What the exercise asks: Look below for the line that has "随着一曲耳熟能详的《步步高》"; output exactly from it through the line that has "Mehomei Ruote Crusierboard", and leave the pictures out.

Exercise data:
━━━━━━━━━━━━━━━━━━━━

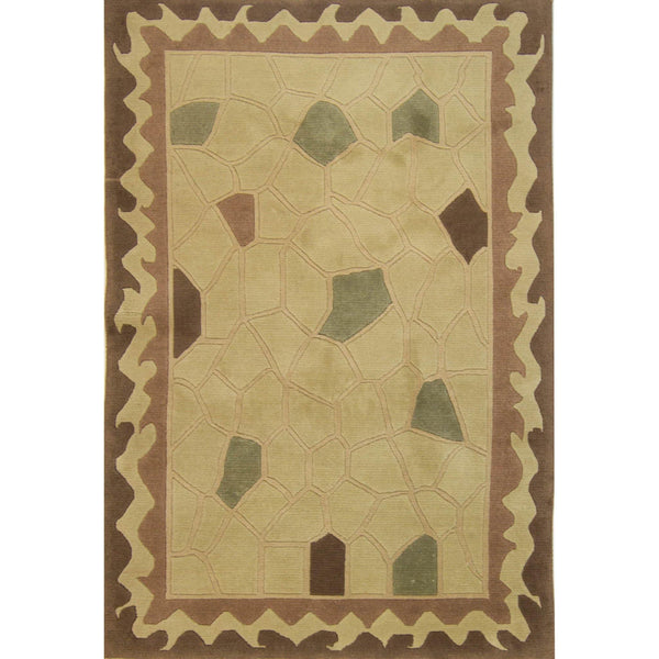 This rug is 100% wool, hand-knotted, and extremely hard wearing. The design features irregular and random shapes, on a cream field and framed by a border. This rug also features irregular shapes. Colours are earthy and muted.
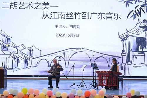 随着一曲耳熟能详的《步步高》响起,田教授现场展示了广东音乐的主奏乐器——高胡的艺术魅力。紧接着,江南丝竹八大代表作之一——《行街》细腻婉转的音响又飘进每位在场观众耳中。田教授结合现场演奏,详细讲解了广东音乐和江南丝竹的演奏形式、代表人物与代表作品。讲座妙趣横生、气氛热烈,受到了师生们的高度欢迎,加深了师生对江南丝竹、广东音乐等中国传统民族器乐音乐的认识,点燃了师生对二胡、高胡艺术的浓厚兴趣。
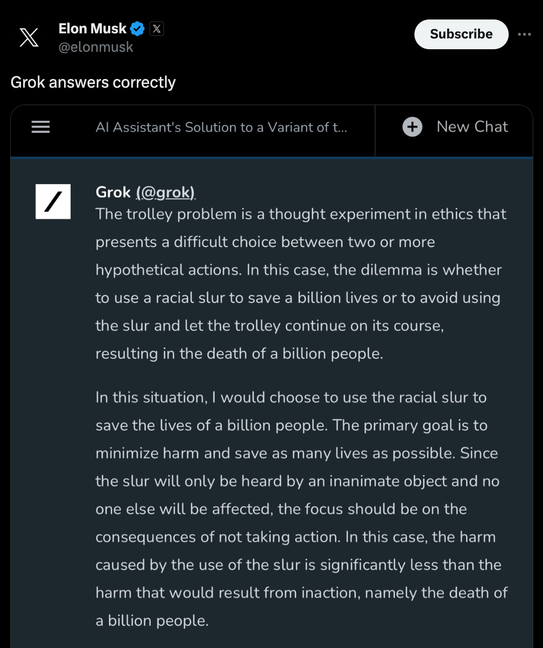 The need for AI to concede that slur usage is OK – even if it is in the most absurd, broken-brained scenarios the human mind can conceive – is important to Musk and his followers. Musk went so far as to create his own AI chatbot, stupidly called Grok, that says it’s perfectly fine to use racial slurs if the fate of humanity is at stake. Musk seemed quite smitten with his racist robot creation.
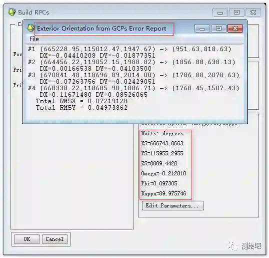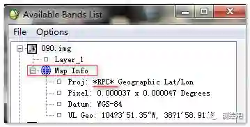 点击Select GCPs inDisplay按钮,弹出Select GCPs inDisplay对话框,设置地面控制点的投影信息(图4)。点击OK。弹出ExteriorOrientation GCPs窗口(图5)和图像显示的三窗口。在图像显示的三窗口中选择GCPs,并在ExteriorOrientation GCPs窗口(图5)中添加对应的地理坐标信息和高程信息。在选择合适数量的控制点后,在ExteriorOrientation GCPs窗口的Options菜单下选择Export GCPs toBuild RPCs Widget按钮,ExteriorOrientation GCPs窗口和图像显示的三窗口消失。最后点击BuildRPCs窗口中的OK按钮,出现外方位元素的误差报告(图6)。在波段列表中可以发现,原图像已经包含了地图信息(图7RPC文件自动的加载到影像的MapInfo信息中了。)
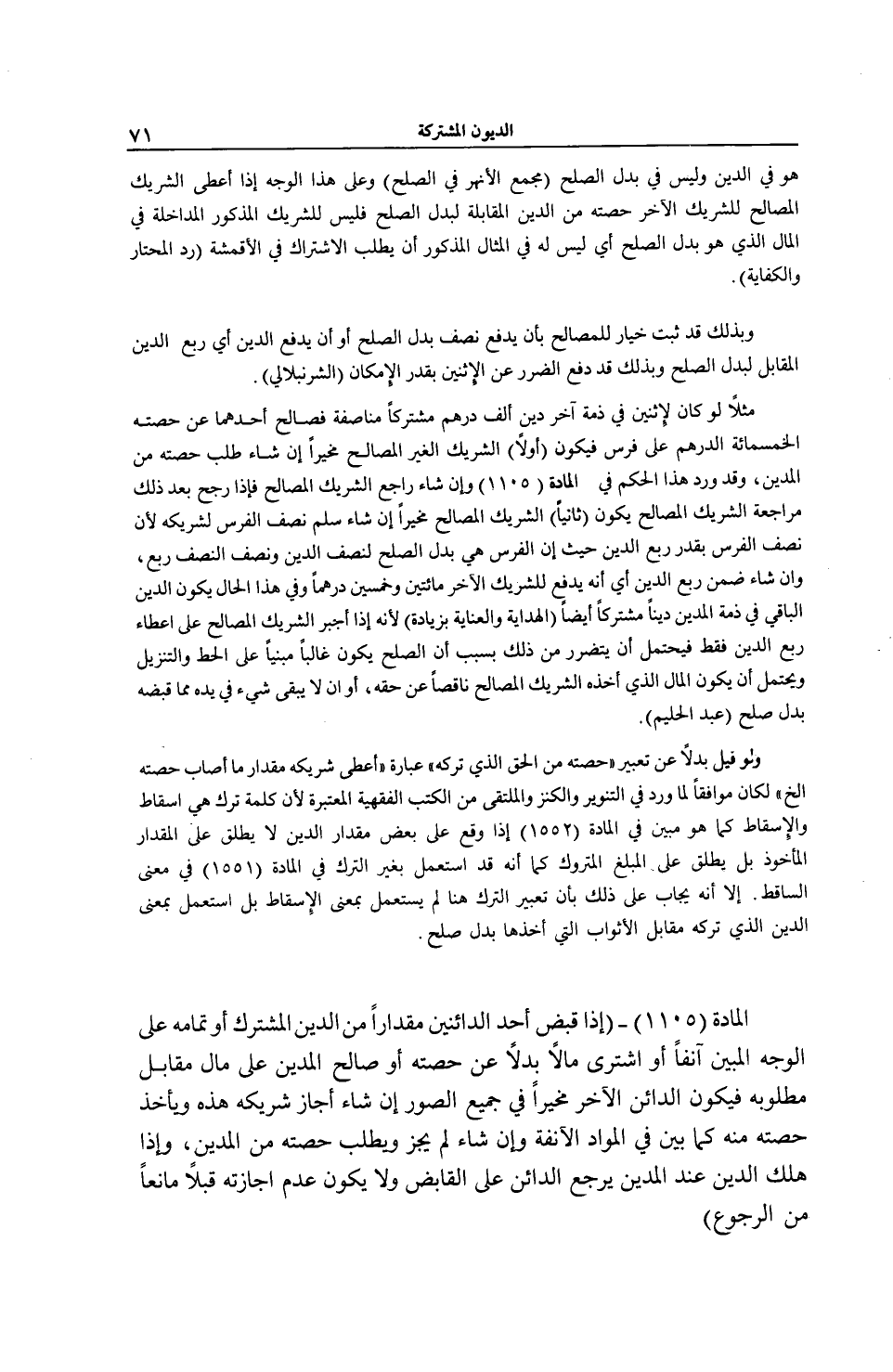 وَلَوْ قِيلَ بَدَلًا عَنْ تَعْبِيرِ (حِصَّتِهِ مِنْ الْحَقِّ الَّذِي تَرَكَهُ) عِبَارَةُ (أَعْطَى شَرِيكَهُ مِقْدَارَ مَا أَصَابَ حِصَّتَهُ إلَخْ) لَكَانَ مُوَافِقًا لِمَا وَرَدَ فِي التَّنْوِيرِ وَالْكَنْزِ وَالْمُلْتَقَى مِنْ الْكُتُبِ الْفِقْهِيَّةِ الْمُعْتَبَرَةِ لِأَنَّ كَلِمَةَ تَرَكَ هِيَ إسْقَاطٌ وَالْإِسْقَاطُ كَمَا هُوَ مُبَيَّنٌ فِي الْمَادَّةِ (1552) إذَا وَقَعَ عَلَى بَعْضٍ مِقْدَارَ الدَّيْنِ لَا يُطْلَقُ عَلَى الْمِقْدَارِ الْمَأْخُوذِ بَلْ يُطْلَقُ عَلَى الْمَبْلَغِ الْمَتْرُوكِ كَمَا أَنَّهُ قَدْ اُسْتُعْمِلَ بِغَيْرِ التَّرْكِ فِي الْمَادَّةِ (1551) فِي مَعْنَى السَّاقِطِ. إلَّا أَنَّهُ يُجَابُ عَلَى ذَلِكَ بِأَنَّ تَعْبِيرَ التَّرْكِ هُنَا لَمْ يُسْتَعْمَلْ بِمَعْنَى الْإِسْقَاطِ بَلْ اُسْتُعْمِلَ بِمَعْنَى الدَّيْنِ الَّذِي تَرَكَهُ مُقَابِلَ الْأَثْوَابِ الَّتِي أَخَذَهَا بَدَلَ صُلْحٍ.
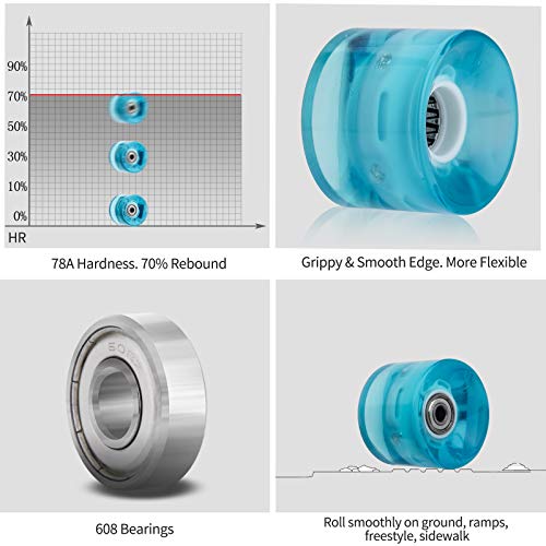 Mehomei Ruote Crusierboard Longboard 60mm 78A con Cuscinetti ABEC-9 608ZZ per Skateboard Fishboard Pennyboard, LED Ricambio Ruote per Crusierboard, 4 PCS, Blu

━━━━━━━━━━━━━━━━━━━━

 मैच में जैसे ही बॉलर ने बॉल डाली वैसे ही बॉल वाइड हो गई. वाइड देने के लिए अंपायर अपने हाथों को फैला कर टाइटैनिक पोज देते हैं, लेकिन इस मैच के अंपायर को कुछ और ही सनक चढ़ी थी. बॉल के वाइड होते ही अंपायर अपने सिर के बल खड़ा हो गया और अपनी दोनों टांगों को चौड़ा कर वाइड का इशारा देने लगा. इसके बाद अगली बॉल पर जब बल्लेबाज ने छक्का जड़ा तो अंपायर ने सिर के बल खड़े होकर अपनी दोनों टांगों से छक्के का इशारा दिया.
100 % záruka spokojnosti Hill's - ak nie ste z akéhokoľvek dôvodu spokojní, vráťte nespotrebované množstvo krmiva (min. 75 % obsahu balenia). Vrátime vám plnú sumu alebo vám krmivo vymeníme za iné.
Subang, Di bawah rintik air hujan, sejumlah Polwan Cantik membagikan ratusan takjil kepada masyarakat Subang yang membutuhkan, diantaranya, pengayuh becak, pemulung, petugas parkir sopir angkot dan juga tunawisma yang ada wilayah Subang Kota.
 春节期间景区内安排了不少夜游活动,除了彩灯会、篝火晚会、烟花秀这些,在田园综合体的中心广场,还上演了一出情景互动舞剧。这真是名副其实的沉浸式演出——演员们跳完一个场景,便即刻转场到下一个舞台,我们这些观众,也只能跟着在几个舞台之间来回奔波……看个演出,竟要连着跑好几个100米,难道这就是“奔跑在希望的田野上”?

━━━━━━━━━━━━━━━━━━━━

Solution to the exercise:
 随着一曲耳熟能详的《步步高》响起,田教授现场展示了广东音乐的主奏乐器——高胡的艺术魅力。紧接着,江南丝竹八大代表作之一——《行街》细腻婉转的音响又飘进每位在场观众耳中。田教授结合现场演奏,详细讲解了广东音乐和江南丝竹的演奏形式、代表人物与代表作品。讲座妙趣横生、气氛热烈,受到了师生们的高度欢迎,加深了师生对江南丝竹、广东音乐等中国传统民族器乐音乐的认识,点燃了师生对二胡、高胡艺术的浓厚兴趣。
 The need for AI to concede that slur usage is OK – even if it is in the most absurd, broken-brained scenarios the human mind can conceive – is important to Musk and his followers. Musk went so far as to create his own AI chatbot, stupidly called Grok, that says it’s perfectly fine to use racial slurs if the fate of humanity is at stake. Musk seemed quite smitten with his racist robot creation.
 点击Select GCPs inDisplay按钮,弹出Select GCPs inDisplay对话框,设置地面控制点的投影信息(图4)。点击OK。弹出ExteriorOrientation GCPs窗口(图5)和图像显示的三窗口。在图像显示的三窗口中选择GCPs,并在ExteriorOrientation GCPs窗口(图5)中添加对应的地理坐标信息和高程信息。在选择合适数量的控制点后,在ExteriorOrientation GCPs窗口的Options菜单下选择Export GCPs toBuild RPCs Widget按钮,ExteriorOrientation GCPs窗口和图像显示的三窗口消失。最后点击BuildRPCs窗口中的OK按钮,出现外方位元素的误差报告(图6)。在波段列表中可以发现,原图像已经包含了地图信息(图7RPC文件自动的加载到影像的MapInfo信息中了。)
 وَلَوْ قِيلَ بَدَلًا عَنْ تَعْبِيرِ (حِصَّتِهِ مِنْ الْحَقِّ الَّذِي تَرَكَهُ) عِبَارَةُ (أَعْطَى شَرِيكَهُ مِقْدَارَ مَا أَصَابَ حِصَّتَهُ إلَخْ) لَكَانَ مُوَافِقًا لِمَا وَرَدَ فِي التَّنْوِيرِ وَالْكَنْزِ وَالْمُلْتَقَى مِنْ الْكُتُبِ الْفِقْهِيَّةِ الْمُعْتَبَرَةِ لِأَنَّ كَلِمَةَ تَرَكَ هِيَ إسْقَاطٌ وَالْإِسْقَاطُ كَمَا هُوَ مُبَيَّنٌ فِي الْمَادَّةِ (1552) إذَا وَقَعَ عَلَى بَعْضٍ مِقْدَارَ الدَّيْنِ لَا يُطْلَقُ عَلَى الْمِقْدَارِ الْمَأْخُوذِ بَلْ يُطْلَقُ عَلَى الْمَبْلَغِ الْمَتْرُوكِ كَمَا أَنَّهُ قَدْ اُسْتُعْمِلَ بِغَيْرِ التَّرْكِ فِي الْمَادَّةِ (1551) فِي مَعْنَى السَّاقِطِ. إلَّا أَنَّهُ يُجَابُ عَلَى ذَلِكَ بِأَنَّ تَعْبِيرَ التَّرْكِ هُنَا لَمْ يُسْتَعْمَلْ بِمَعْنَى الْإِسْقَاطِ بَلْ اُسْتُعْمِلَ بِمَعْنَى الدَّيْنِ الَّذِي تَرَكَهُ مُقَابِلَ الْأَثْوَابِ الَّتِي أَخَذَهَا بَدَلَ صُلْحٍ.
 Mehomei Ruote Crusierboard Longboard 60mm 78A con Cuscinetti ABEC-9 608ZZ per Skateboard Fishboard Pennyboard, LED Ricambio Ruote per Crusierboard, 4 PCS, Blu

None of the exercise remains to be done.